▶ [Problem statement] All lines below starting at the one that holds "Funda para Itel" and ending at the one that holds "Dann aber der" should be printed exactly, ends included. Pictures should not be printed, nor anything else.

▶ [Entries provided]
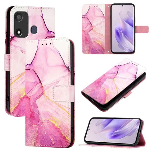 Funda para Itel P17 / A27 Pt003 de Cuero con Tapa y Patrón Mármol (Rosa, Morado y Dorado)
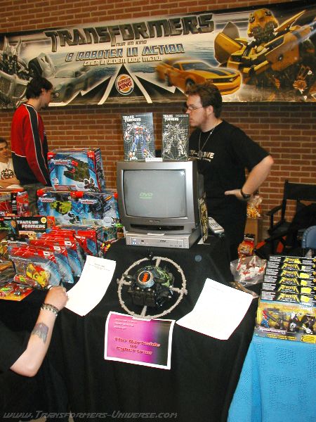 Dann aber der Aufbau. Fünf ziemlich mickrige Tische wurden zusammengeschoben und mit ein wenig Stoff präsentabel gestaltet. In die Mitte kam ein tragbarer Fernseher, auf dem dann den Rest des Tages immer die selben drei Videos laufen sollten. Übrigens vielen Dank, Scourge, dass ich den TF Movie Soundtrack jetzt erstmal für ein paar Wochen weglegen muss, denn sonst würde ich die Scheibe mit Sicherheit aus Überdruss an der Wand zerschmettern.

---

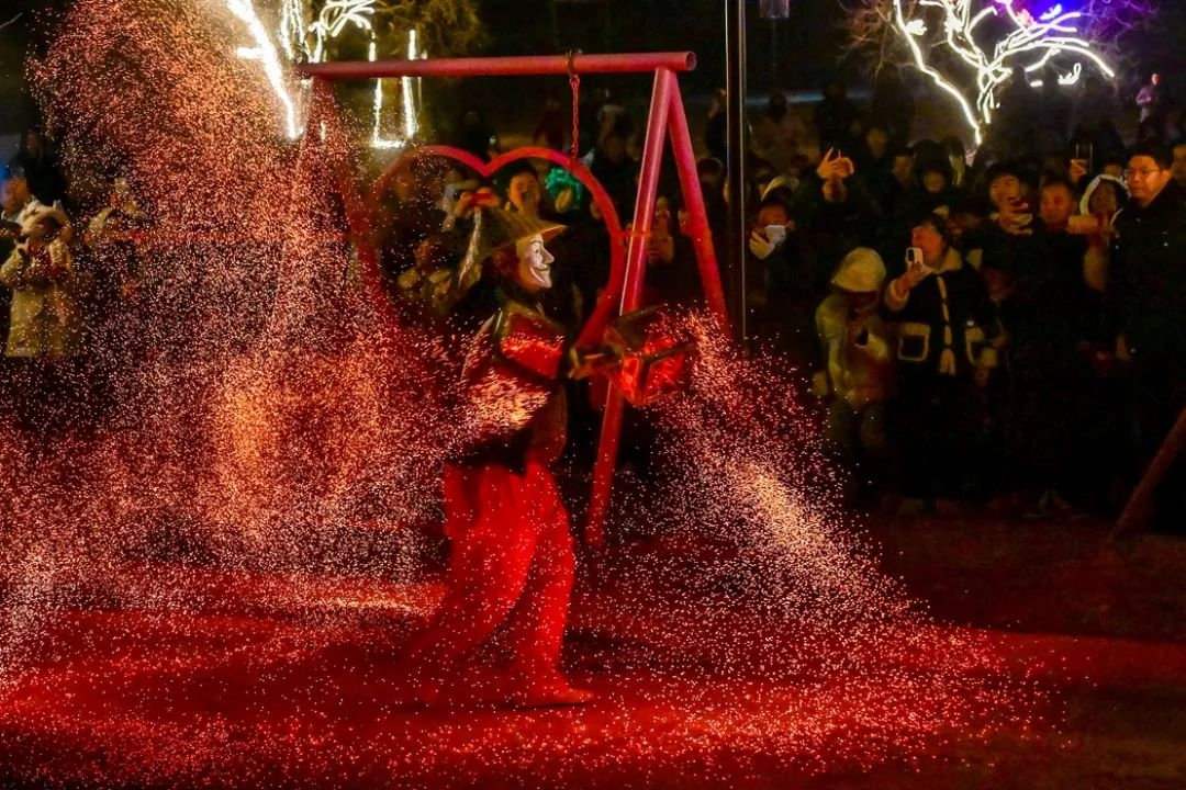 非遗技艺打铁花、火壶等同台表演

...

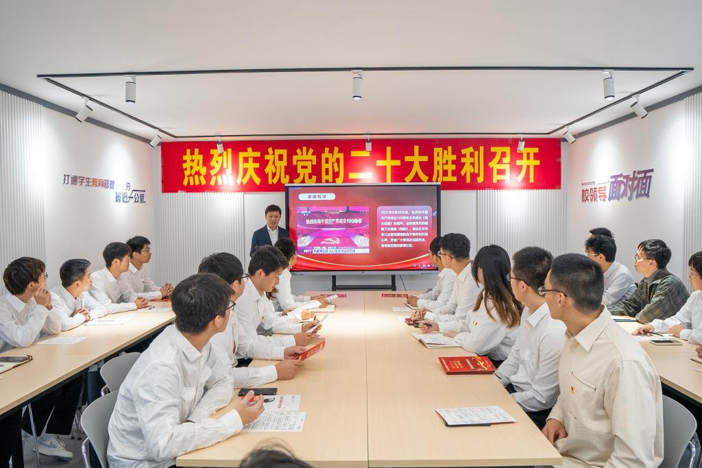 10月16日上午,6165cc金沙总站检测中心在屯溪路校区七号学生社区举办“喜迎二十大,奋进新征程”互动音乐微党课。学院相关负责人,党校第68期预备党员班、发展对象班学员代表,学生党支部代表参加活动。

▶ [Task answer]
 Funda para Itel P17 / A27 Pt003 de Cuero con Tapa y Patrón Mármol (Rosa, Morado y Dorado)
 Dann aber der Aufbau. Fünf ziemlich mickrige Tische wurden zusammengeschoben und mit ein wenig Stoff präsentabel gestaltet. In die Mitte kam ein tragbarer Fernseher, auf dem dann den Rest des Tages immer die selben drei Videos laufen sollten. Übrigens vielen Dank, Scourge, dass ich den TF Movie Soundtrack jetzt erstmal für ein paar Wochen weglegen muss, denn sonst würde ich die Scheibe mit Sicherheit aus Überdruss an der Wand zerschmettern.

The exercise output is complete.